112-427 at 6 (2012).
    Assessment of State and local taxes would obstruct these express 
Federal policies supporting Tribal economic development and self-
determination, and also threaten substantial Tribal interests in 
effective Tribal government, economic self-sufficiency, and territorial 
autonomy. See Michigan v. Bay Mills Indian Community, 572 U.S. 782, 810 
(2014) (Sotomayor, J., concurring) (determining that ``[a] key goal of 
the Federal Government is to render Tribes more self-sufficient, and 
better positioned to fund their own sovereign functions, rather than 
relying on Federal funding''). The additional costs of State and local 
taxation have a chilling effect on potential lessees, as well as on a 
tribe that, as a result, might refrain from exercising its own 
sovereign right to impose a Tribal tax to support its infrastructure 
needs.

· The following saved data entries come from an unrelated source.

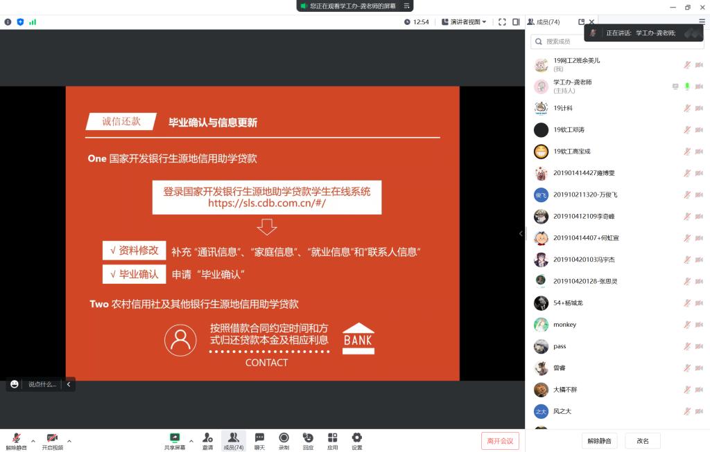通过“诚信还贷”宣讲会,向同学们介绍了有关国家助学贷款的事宜,通过介绍让更多的同学知道了国家对高校学生的支持和鼓励,并强调了诚信贷款与诚信还款内容,加强了同学们诚信和感恩的意识,培养爱国情怀。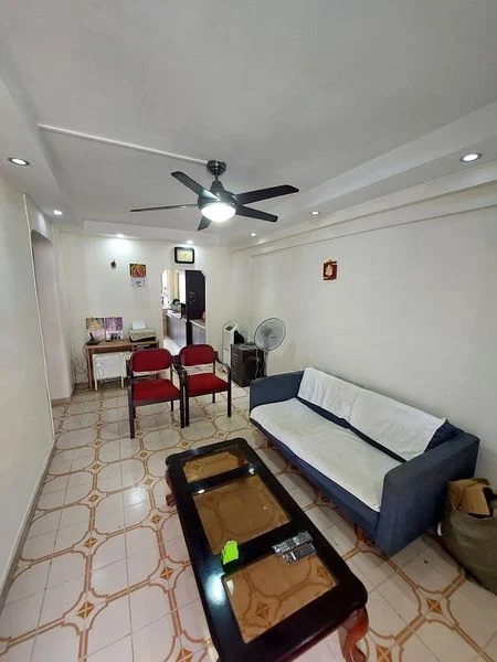 Step into this functional 2-bedroom flat and feel the lived-in charm that resonates throughout. The moderate natural light filters through the living room, highlighting the patterned ceramic floor tiles and the cozy blue fabric sofa. With a ceiling fan and recessed lighting, the ambiance is both inviting and practical, while views of neighboring residential blocks provide a sense of community.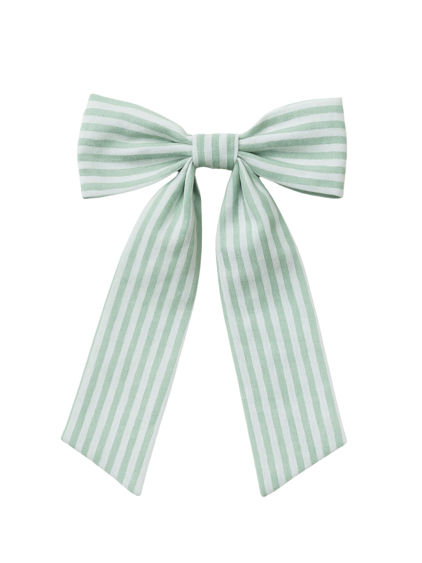 Mint Green And White Stripes Fabric Long Hair Bow Barrette
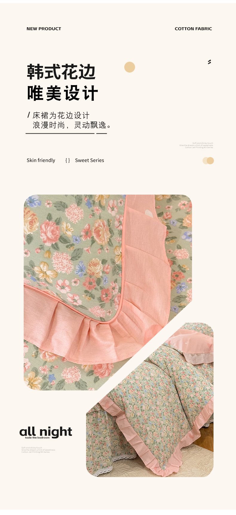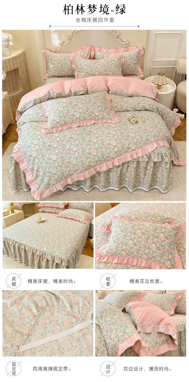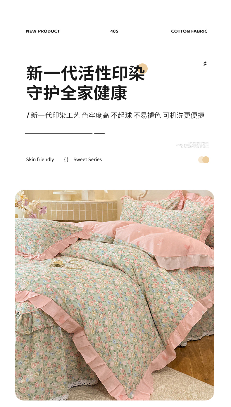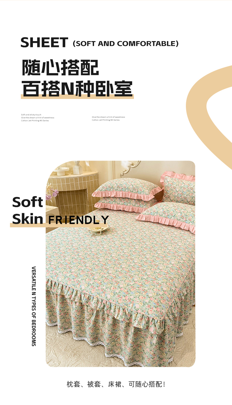 (总)美达家纺 2025新款全棉纯棉AB版蕾丝小花边单层床裙四件套,解语花,南湘,沁雨花叶,悦棠,花香梦境,夏沫浅语-蓝,恋爱小兔,氧气格调,婉宁-粉,镜花水月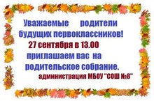 Администрация МБОУ "СОШ №8" приглашает родителей будущих первоклассников 27 сентября к 13.00 на родительское собрание.
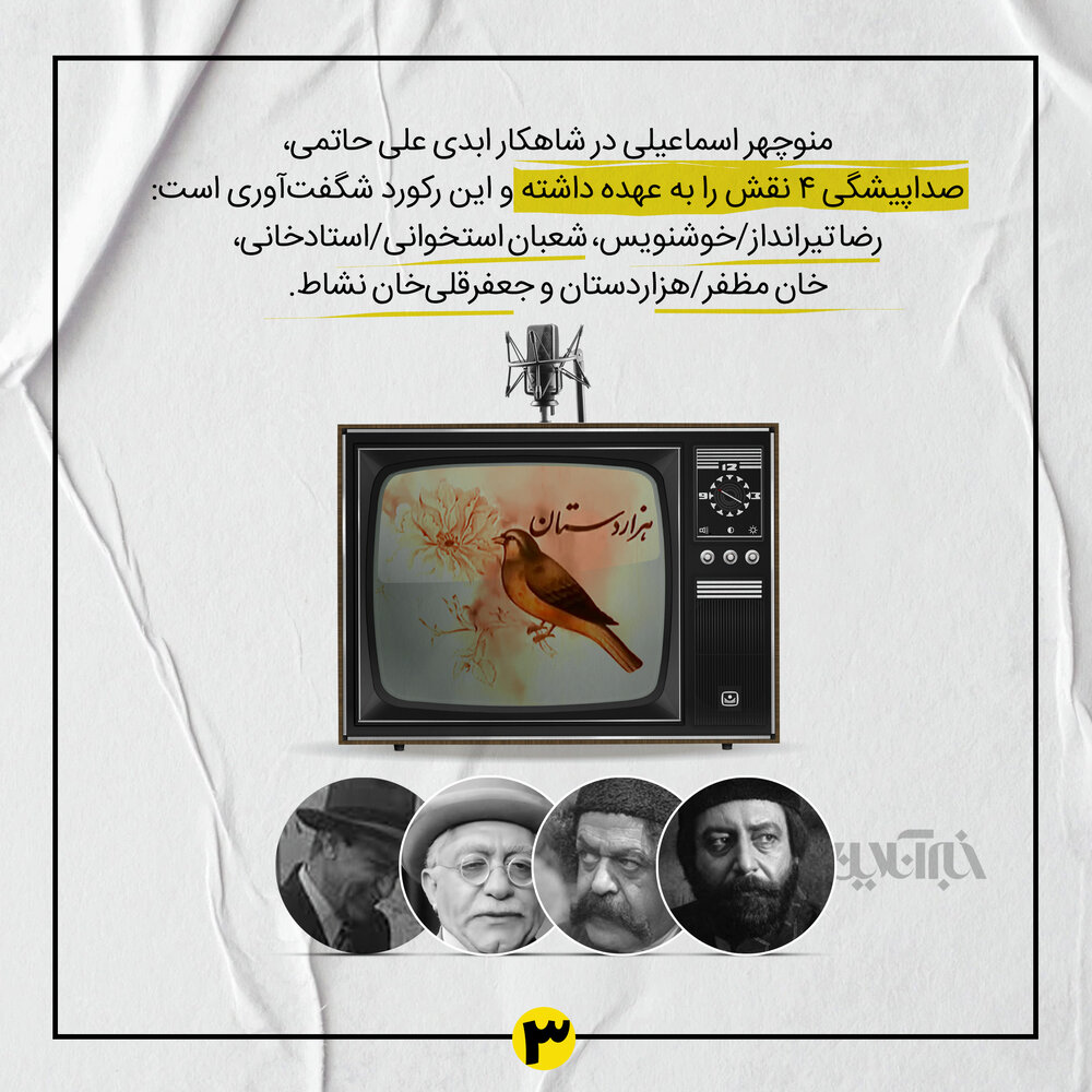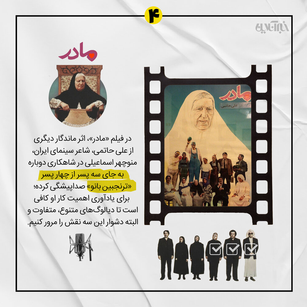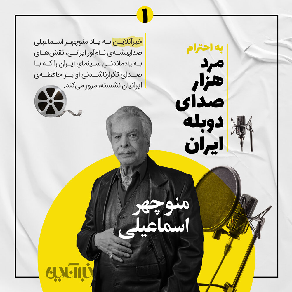 هفتهی گذشته، دوبارهی کفهی «گذشته» سنگینتر شد و سمت اکنون، سبکتر. منوچهر اسماعیلی رفت تا دوباره باور کنیم که صداست که میماند. خبرآنلاین به احترام مرد هزارصدای دوبلهی ایران، منوچهر اسماعیلی را چهرهی هفتهی گذشته معرفی میکند و چند نقش ماندنی از سینمای ایران را که او صداپیشگی کرده، با شما مرور میکند. شما هم میتوانید اینجا از صدای منوچهر اسماعیلی بنویسید، از خاطراتی که با نقشهای دوبله شده توسط او دارید یا صداپیشگیِ نقشهایی که به نظر شما به یادماندنیترند.

See id. at 810-11 (finding that State and local taxes greatly 
discourage Tribes from raising tax revenue from the same sources 
because the imposition of double taxation would impede Tribal economic 
growth).
    Similar to BIA's surface leasing regulations, Tribal regulations 
under the HEARTH Act pervasively cover all aspects of leasing. See 25 
U.S.C. 415(h)(3)(B)(i) (requiring Tribal regulations be consistent with 
BIA surface leasing regulations). Furthermore, the Federal government 
remains involved in the Tribal land leasing process by approving the 
Tribal leasing regulations in the first instance and providing 
technical assistance, upon request by a Tribe, for the development of 
an environmental review process. The Secretary also retains authority 
to take any necessary actions to remedy violations of a lease or of the 
Tribal regulations, including terminating the lease or rescinding 
approval of the Tribal regulations and reassuming lease approval 
responsibilities. Moreover, the Secretary continues to review, approve, 
and monitor individual Indian land leases and other types of leases not 
covered under the Tribal regulations according to the Part 162 
regulations.
    Accordingly, the Federal and Tribal interests weigh heavily in 
favor of preemption of State and local taxes on lease-related 
activities and interests, regardless of whether the lease is governed 
by Tribal leasing regulations or Part 162. Improvements, activities, 
and leasehold or possessory interests may be subject to taxation by the 
Confederated Tribes of the Colville Reservation.

Bryan Newland,
Principal Deputy Assistant Secretary--Indian Affairs.